* Task instructions
Print nothing but the lines below starting at the line that holds "Slike Majka Bozija" and ending at the line that holds "Deshacer los pernos", including both, each exactly as written.

==== Task data ====

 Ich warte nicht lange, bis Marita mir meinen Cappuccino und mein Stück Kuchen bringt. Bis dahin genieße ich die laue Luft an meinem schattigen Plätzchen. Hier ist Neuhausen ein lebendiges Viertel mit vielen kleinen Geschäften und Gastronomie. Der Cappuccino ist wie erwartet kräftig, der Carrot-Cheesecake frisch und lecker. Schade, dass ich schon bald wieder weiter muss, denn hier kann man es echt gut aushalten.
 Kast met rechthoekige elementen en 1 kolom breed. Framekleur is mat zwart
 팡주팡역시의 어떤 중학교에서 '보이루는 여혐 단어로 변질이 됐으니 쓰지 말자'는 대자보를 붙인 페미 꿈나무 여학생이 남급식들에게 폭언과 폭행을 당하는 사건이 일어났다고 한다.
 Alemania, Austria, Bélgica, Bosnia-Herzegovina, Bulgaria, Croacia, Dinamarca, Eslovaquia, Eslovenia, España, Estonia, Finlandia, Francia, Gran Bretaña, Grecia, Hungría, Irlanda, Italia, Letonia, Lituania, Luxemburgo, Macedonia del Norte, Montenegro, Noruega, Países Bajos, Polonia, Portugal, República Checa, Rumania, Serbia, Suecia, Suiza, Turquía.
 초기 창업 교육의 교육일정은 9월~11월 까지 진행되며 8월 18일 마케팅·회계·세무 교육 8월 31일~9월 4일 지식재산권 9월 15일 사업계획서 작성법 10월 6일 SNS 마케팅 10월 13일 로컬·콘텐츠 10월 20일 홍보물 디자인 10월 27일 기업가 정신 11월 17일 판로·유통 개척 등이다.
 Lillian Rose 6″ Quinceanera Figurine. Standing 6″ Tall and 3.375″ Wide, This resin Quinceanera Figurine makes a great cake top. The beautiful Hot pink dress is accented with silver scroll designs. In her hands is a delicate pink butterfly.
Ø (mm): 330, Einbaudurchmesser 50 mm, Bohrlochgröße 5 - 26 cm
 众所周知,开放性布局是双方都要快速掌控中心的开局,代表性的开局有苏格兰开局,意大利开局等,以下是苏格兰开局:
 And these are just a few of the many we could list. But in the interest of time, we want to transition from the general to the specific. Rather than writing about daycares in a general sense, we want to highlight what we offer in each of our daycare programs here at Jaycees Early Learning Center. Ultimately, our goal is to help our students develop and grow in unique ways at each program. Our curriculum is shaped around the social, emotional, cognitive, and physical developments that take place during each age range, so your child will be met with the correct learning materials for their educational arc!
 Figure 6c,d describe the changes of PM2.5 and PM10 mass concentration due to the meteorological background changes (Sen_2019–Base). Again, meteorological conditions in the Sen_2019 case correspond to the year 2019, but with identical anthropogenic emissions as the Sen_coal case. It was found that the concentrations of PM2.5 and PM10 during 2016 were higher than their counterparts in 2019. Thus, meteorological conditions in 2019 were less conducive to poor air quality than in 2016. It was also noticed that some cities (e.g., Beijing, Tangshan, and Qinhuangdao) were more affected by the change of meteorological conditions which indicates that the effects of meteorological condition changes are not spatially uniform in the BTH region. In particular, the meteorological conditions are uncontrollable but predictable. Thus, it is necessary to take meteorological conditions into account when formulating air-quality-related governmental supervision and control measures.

====
==== Task data ====

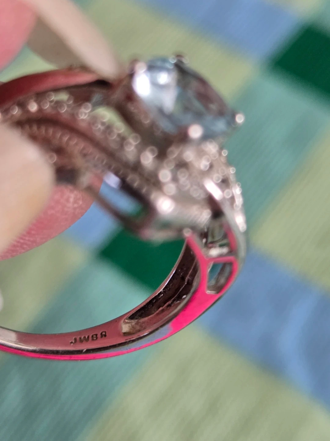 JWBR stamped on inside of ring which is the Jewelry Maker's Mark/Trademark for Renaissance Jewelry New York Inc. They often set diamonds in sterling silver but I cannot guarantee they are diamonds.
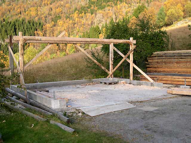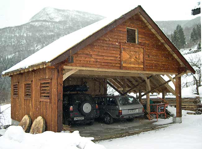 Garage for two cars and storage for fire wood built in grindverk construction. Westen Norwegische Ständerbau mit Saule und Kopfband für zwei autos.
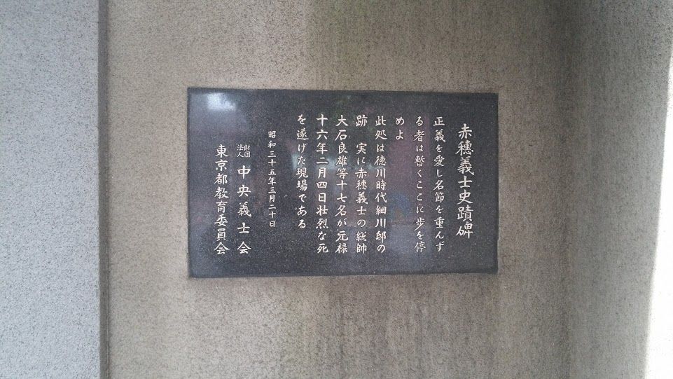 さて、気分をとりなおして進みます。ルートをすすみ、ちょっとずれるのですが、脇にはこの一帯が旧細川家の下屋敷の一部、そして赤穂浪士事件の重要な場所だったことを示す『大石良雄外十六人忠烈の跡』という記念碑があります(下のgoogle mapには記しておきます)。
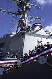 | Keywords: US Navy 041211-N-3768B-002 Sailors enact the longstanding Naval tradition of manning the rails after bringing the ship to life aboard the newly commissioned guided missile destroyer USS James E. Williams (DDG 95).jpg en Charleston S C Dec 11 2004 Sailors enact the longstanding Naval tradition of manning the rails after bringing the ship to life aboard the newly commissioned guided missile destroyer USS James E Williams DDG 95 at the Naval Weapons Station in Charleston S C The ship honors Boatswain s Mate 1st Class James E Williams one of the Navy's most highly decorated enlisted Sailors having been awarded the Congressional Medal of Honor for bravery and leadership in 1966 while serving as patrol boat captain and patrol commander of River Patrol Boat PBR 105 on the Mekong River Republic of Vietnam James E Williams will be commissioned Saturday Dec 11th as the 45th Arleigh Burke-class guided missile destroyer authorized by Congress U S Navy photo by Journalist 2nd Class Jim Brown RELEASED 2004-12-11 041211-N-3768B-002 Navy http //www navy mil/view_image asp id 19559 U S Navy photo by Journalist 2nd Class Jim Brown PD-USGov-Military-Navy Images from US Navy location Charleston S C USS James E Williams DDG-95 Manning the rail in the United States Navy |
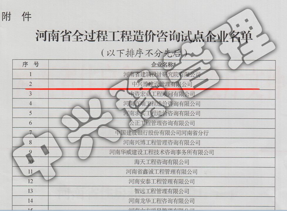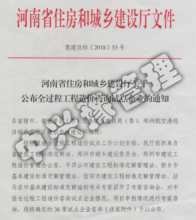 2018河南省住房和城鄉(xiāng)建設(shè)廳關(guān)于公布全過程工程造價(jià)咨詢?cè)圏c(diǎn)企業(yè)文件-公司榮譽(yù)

====
==== Task data ====

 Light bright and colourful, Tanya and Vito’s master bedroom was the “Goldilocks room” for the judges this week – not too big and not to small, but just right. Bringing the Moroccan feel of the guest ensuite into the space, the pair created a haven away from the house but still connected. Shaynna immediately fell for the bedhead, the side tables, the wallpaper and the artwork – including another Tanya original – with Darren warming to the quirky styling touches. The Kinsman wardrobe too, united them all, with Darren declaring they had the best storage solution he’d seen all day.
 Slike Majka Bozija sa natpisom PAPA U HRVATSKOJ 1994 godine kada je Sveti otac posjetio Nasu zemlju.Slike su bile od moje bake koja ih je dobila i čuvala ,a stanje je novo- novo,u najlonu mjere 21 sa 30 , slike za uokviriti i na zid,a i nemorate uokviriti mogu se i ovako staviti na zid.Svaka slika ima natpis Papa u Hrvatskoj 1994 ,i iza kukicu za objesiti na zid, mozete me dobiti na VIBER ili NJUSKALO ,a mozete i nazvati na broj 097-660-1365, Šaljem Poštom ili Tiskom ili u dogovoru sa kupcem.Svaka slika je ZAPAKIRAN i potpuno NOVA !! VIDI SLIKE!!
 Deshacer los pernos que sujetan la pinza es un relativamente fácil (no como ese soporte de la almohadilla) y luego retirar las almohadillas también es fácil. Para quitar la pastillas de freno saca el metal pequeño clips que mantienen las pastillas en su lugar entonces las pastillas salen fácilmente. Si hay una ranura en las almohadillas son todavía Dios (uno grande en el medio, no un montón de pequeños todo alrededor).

====

* Solved exercise
 Slike Majka Bozija sa natpisom PAPA U HRVATSKOJ 1994 godine kada je Sveti otac posjetio Nasu zemlju.Slike su bile od moje bake koja ih je dobila i čuvala ,a stanje je novo- novo,u najlonu mjere 21 sa 30 , slike za uokviriti i na zid,a i nemorate uokviriti mogu se i ovako staviti na zid.Svaka slika ima natpis Papa u Hrvatskoj 1994 ,i iza kukicu za objesiti na zid, mozete me dobiti na VIBER ili NJUSKALO ,a mozete i nazvati na broj 097-660-1365, Šaljem Poštom ili Tiskom ili u dogovoru sa kupcem.Svaka slika je ZAPAKIRAN i potpuno NOVA !! VIDI SLIKE!!
 Deshacer los pernos que sujetan la pinza es un relativamente fácil (no como ese soporte de la almohadilla) y luego retirar las almohadillas también es fácil. Para quitar la pastillas de freno saca el metal pequeño clips que mantienen las pastillas en su lugar entonces las pastillas salen fácilmente. Si hay una ranura en las almohadillas son todavía Dios (uno grande en el medio, no un montón de pequeños todo alrededor).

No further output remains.